I miss driving.  I mean, I sincerely miss it.  Whenever I used to feel down or discouraged or happy or high, I'd jump in my car, turn on some music depending on my mood, and drive...sometimes to my favorite quiet spot, sometimes shopping, sometimes just take whichever road I first passed.  It always made me feel good, driving, especially out on open Wyoming roads.

Since living in Europe, having a car has been a luxury in place of a necessity.  The first year I lived in Nederland, I had no vehicle.  I did have a bike and public transport, and came to rely upon both to get me where I needed to go.  When I was in active labor with Jari, we got our first car.  Erwin still took the train to work and I had use of the car, but still tended to bike or walk, especially with a newborn and stroller, it was easier to just walk.  But, still, the car was always at my beckoning call, and I was free to use it at my every whim.

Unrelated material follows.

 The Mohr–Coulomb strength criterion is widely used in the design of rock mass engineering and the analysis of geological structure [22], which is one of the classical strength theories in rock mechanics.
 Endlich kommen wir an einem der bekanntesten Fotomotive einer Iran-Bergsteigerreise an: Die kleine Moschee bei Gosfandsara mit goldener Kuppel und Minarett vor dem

When we moved to Belgium, the car came with us.  Erwin's transportation became a bus service which left at the ungodly hour of 5:30am, but he was always home early.  I still had the car, and it became useful for me as I explored our new home, Belgium, Limburg, as well as keeping in touch with old friends in Holland.  In our corner of Belgium, public transport is present (busses, no train), and it's round the clock available, but getting places is almost a chore.  In what would be a 20 minute drive, it takes me  more than an hour by bus.  Just saying...

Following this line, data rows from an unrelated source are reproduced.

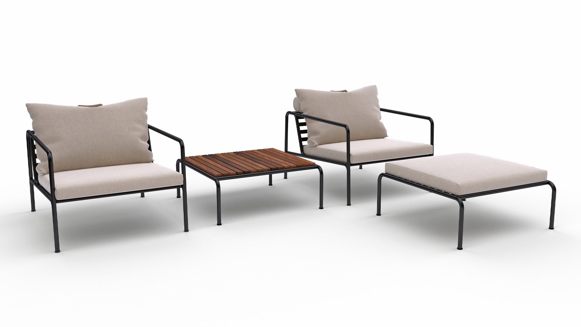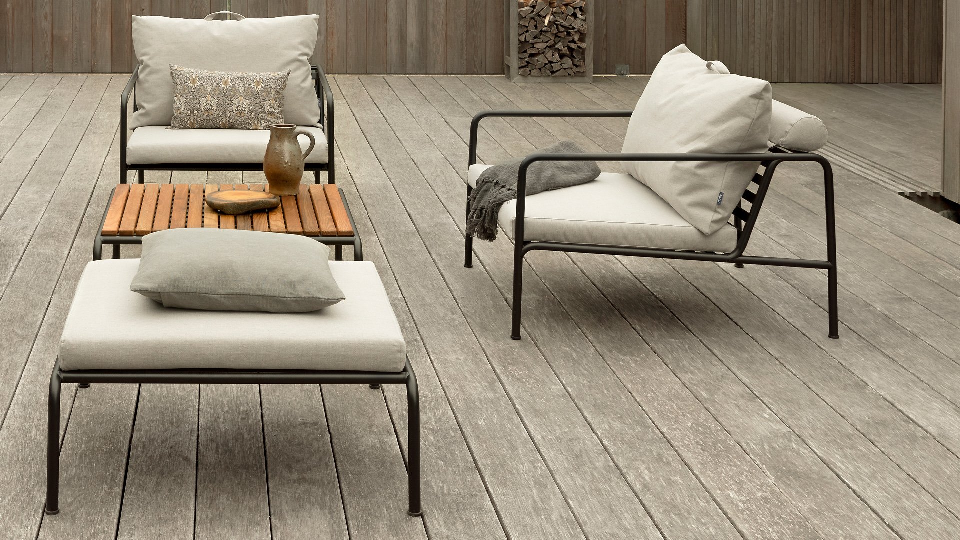 The HOUE AVON collection is designed with the desire to create something with a very light appearance and a low sleek profile, while maintaining a high level of comfort. The maintenance-free frame and construction of the large soft back cushions are precisely that: the simplicity of the structure, where low lines ensure that the design always looks proud, with or without cushions - summer or winter. The handles of the cushions are a statement to the function of the product, making them easy to grab and store if necessary.
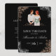 An elegant wedding invitation featuring a romantic illustrated couple framed by delicate florals on a dark, sophisticated background. Perfect for classic, modern, or romantic wedding themes. Fully customizable with your names, date, and event details.
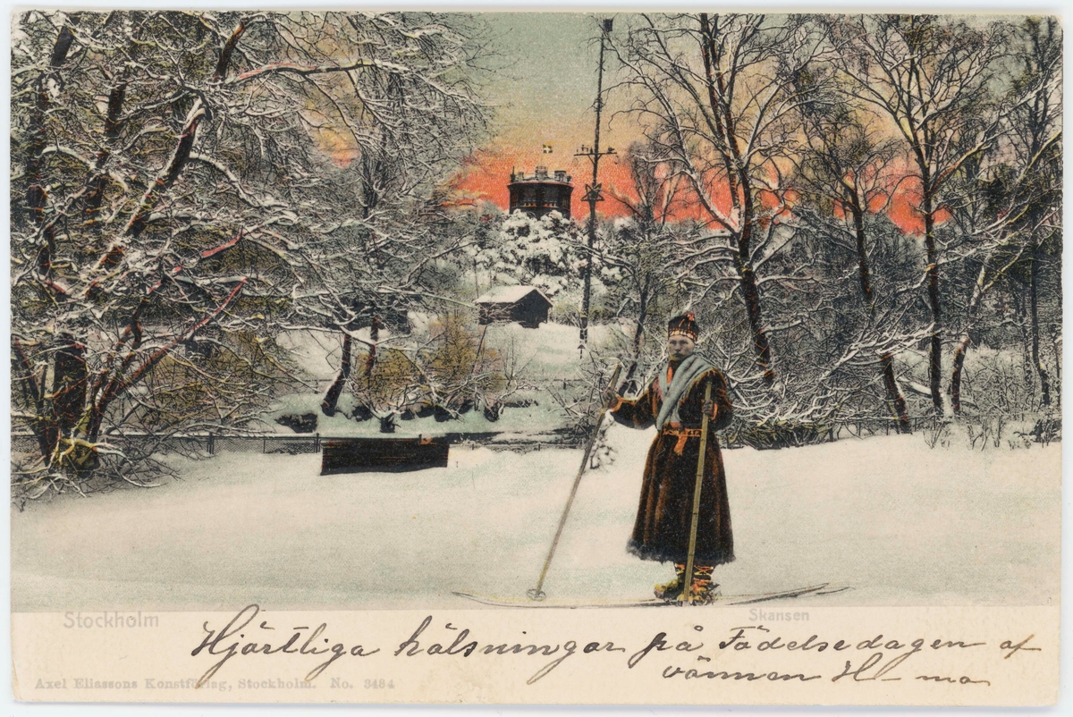 Titel: Vykort med motiv från Skansen. Man klädd i samisk dräkt på skidor.
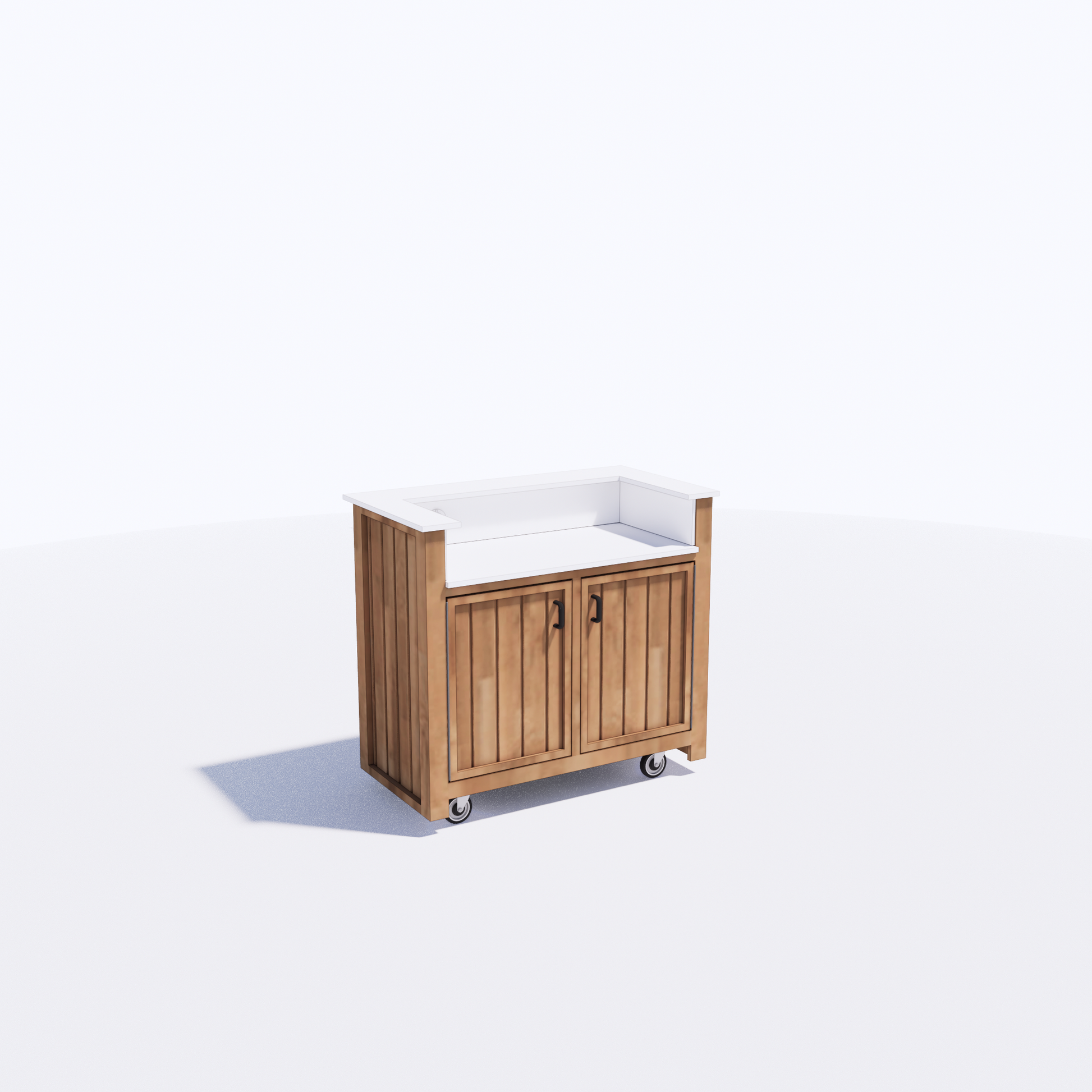 The host stand is designed to be easy to service and maintain. The exterior panelling is attached to a light and strong powder coated aluminum frame w/ concealed stainless steel fasteners. Every component can be removed or replaced as needed.
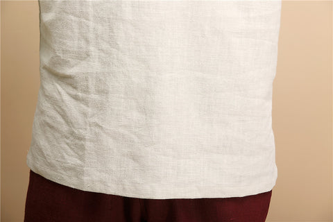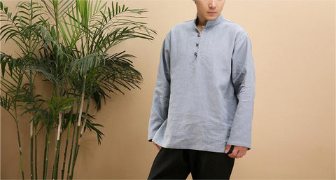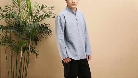 Men's Linen Casual Half Turtle Collar Long Sleeve Shirt M010
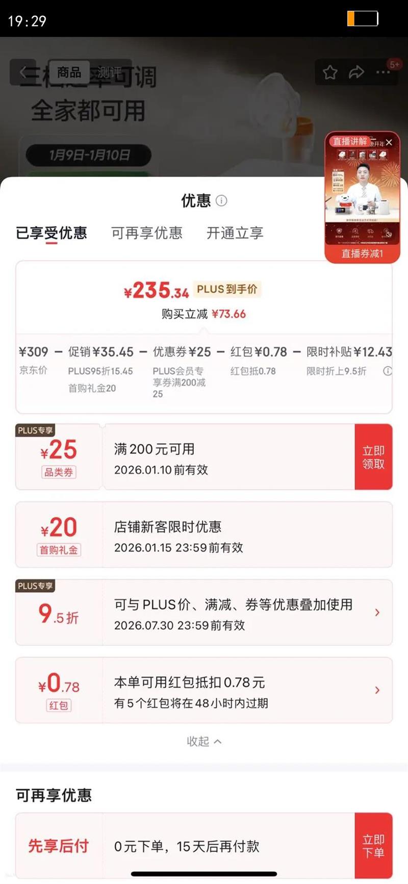 Plus补贴满200减25

But back then, I still had the car and was still free to come and go as needed, though I still used my bike for the short distance trips, as I came to discover biking is 1) enjoyable  2) fast  3)  gives no parking headache  4) cheaper  and 5)  healthy.  But on those gray and rainy Belgian days (many)  I could still turn the key and come out on the other side safe and dry.

And then, Erwin's bus service quit running.  He needed the car for work, to provide for our family.  It was a necessity for him, and my luxury was stripped from me.  In the blink of an eye, my freedom was gone.  Having a car is freedom, and nobody can tell me differently.  Hop on a bike and feel the wind on your face, yes, it too is freedom, but limited....

And so, I have become a passenger in life where I used to be a driver.   I no longer have transportation to allow me freedom, which I have had since my 16th birthday...

and I have felt crippled without a car.

And Saturday, I had the car, I had the music, I had my two boy passengers and I had freedom.  And boy, did it feel good.